Anil Dhawan | Professor of Paediatric Hepatology, King’s College London, UK
Citation: EMJ Hepatol. 2024. https://doi.org/10.33590/emjhepatol/VIFN1921.
You have had an extensive and impressive career in hepatology to date, particularly with regard to paediatric hepatology. What was it that led you to specialise in this field in particular?
I started in paediatric hepatology in 1992, when I got a placement at King’s College Hospital, London, UK. I graduated in India as a medical student, and then did my postgrad in paediatrics at the postgraduate institute of medical education and research, Chandigarh. After that, I was exposed to the field of liver disease in that hospital in India. Then I arrived at King’s College Hospital, which was, and continues to be, one of the premier level disease centres in the world, for children particularly, as there are very few children’s liver centres in the world, even today. The UK is also the only country in the world that specialises exclusively in liver disease in children; other countries have gastroenterology and hepatology as one training programme.
When I started here, I realised that was the field which was progressing, as liver transplantation had just started in the late 1980s. I really embraced hepatology, and realised that this is where the innovations were happening, or would happen in the future. I was also very lucky to have been welcomed by people at Kings and so, the rest is history.
How has paediatric liver transplantation changed over the course of your career, both in terms of the treatment itself, and the attitudes around it in hospitals today?
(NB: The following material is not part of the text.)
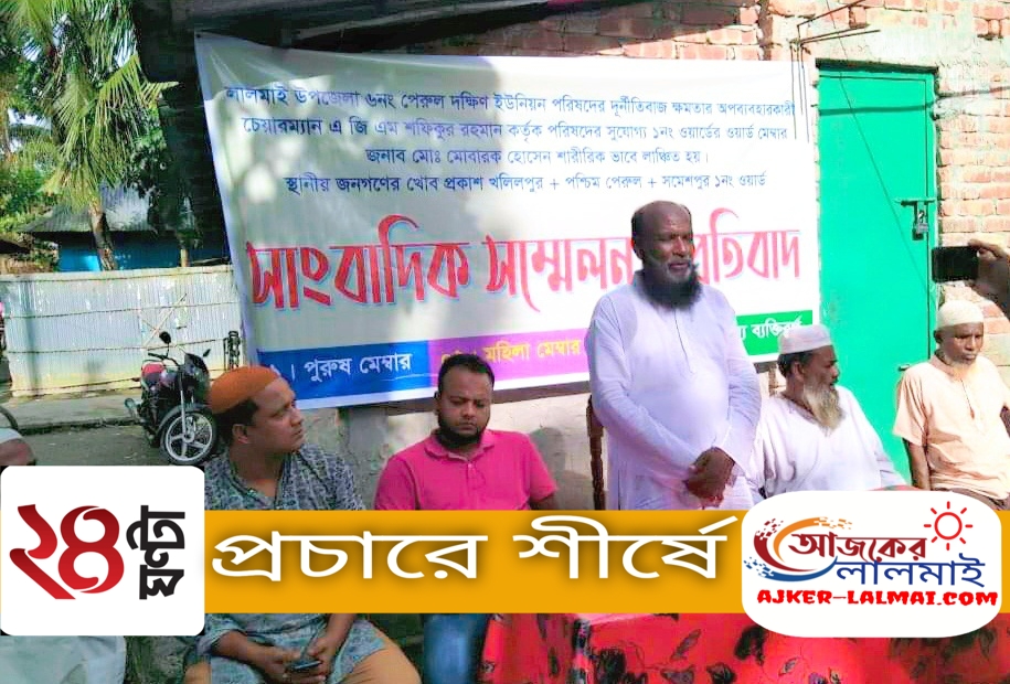 লালমাই প্রতিনিধি ঃ কুমিল্লার লালমাই উপজেলার ৬নং পেরুল দক্ষিণ ইউনিয়নের চেয়ারম্যান এজিএম সফিকুর রহমান কর্তৃক একই ইউপির ০১নং ওয়ার্ড সদস্য মোঃ মোবারক হোসেনকে ১৯ই আগষ্ট বিকাল ৫টায় মারধর করায় আজ শুক্রবার ২১ই আগষ্ট বিকাল তিনটায় সদস্যের নিজ বাড়িতে সাংবাদিক সম্মেলন করেছেন। সাংবাদিক সম্মেলনে ইউপি সদস্য মোবারক হোসেন জানান, খলিলপুর গ্রামের বড় মসজিদের ইমাম হাফেজ মাওলানা মোজাম্মেল হকের বিরুদ্ধে প্রতিবেশি আবদুল মতিন ইউপি চেয়ারম্যান এজিএম সফিকুর রহমানের গ্রাম আদালতে অভিযোগ দায়ের করে। অভিযোগের প্রেক্ষিতে সফিক চেয়ারম্যান ইমাম হাফেজ মাওলানা মোজাম্মেল হককে বোর্ড অফিসে আসতে বলে। ইউপি সদস্য ওই মসজিদের সহ-সভাপতি হওয়ায় ইমাম সাহেব তাকে চেয়ারম্যান কার্যালয়ে নিয়ে যায়। চেয়ারম্যান অফিসে প্রবেশের পর চেয়ারম্যান ইউপি সদস্য মোবারককে অকথ্য ভাষায় গালি গালাজ করতে থাকে, পরে চেয়ার থেকে উঠে লাঠি দিয়ে আঘাত করে। তাকে হত্যার উদ্দেশ্যে গলা চেপে ধরে। ইউপি সদস্যের চিৎকার শুনে ইউপি সচিব মোঃ মাকসুদুর রহমান, আওয়ামী নেতা মিজানুর রহমান, ইমাম সাহেবসহ সবাই উদ্ধার করে ইউপি সদস্যকে লাকসাম সরকারী হাসপাতালে চিকিৎসার জন্য পাঠান। এর আগেও একাধিকবার ইউপি সদস্যকে শারীরিকভাবে লাঞ্চিত করেছে সফিক চেয়ারম্যান। ইউপি সদস্য মোস্তফা কামাল বলেন, ইউনিয়নের গ্রাম পুলিশসহ সাধারণ লোকজনদেরকে কারনে অকারনে সফিক চেয়ারম্যান মারধর করে। চেয়ারম্যান এজিএম সফিকুর রহমানের দূর্ণীতি ও অনিয়মের কথা যে কেউ বললেই তার উপর চড়াও হন। সরকারী চাকুরী দেওয়ার নাম করে এলাকার নিরীহ লোকজনের কাছ থেকে লক্ষ লক্ষ টাকা আত্মসাৎ করার অভিযোগ রয়েছে চেয়ারম্যানের বিরুদ্ধে । চেয়ারম্যান সফিকুর রহমান সহজ সরল লোকজনের নামে ব্যাংক ঋণ তুলে নিজেই লক্ষ লক্ষ টাকা হাতিয়ে নিয়ে গেছে যা উপজেলার সকল নেতা-কর্মীরা জানে। তার বিরুদ্ধে বিধবা ভাতা, বয়স্ক ভাতা, পঙ্গু ভাতা, ভিজিডি, ভিজিএফ, মাতৃত্বকালীন ভাতাসহ সকল ভাতায় দূর্ণীতির অভিযোগ রয়েছে। ইউপি সদস্য মোবারক হোসেন ১লক্ষ টাকা সফিক চেয়ারম্যানের নিকট পাওনা আছে। তার অত্যাচারে স্থানীয় ইউনিয়ন আওয়ামীলীগ ও অঙ্গসংগঠনের ত্যাগী নেতা-কর্মীরা অতিষ্ঠ। ইউপি সদস্যগণ ও স্থানীয় জনগণ এলাকার সংসদ সদস্য, গণপ্রজাতন্ত্রী বাংলাদেশ সরকারের মাননীয় অর্থমন্ত্রীর ও প্রশাসনের হস্তক্ষেপ কামনা করছেন।

In the 1960s, Thomas Starzl started doing liver transplantation in Denver, Colorado, USA. He was successful, technically, but unfortunately, some of the patients did not survive, so there was a pause. However, in 1984, liver transplantation was accepted by the National Institute of Health (NIH) as a clinical treatment. The problem that children faced before, when transplantation had just started, was that they could only receive whole livers as grafts. This meant that a lot of children died while on the waiting list, as they could not get the right size graft. So, when the techniques to reduce the whole liver to fit in a child, and subsequently splitting one liver for two patients got established, that made a big difference in reducing wait list mortality.
At the same time, we began to consider who needed a transplant. Previously, we were only doing transplants for children who were going to die in a few months’ time, but as a result of the improved transplantation survival rates, we became more liberal. Quality of life became one of the factors when we started deciding who qualified for liver transplantation. If the child was suffering from extreme itch, or if medicines were not helping the child, then they were accepted for transplantation. Then, as we gained more experience, we became even more liberal; previously, we excluded children at high risk, for example, if they had a cardiac problem. Afterwards, even those at high risk could get a liver transplantation. However, the big breakthrough was for children with liver cancer. Previously, the mortality rate for children with liver cancer was >90%. After transplantation was introduced, the survival rate became >90%. We introduced transplantation because chemotherapy was not enough in itself in eradicating the tumour, or making the tumour resectable.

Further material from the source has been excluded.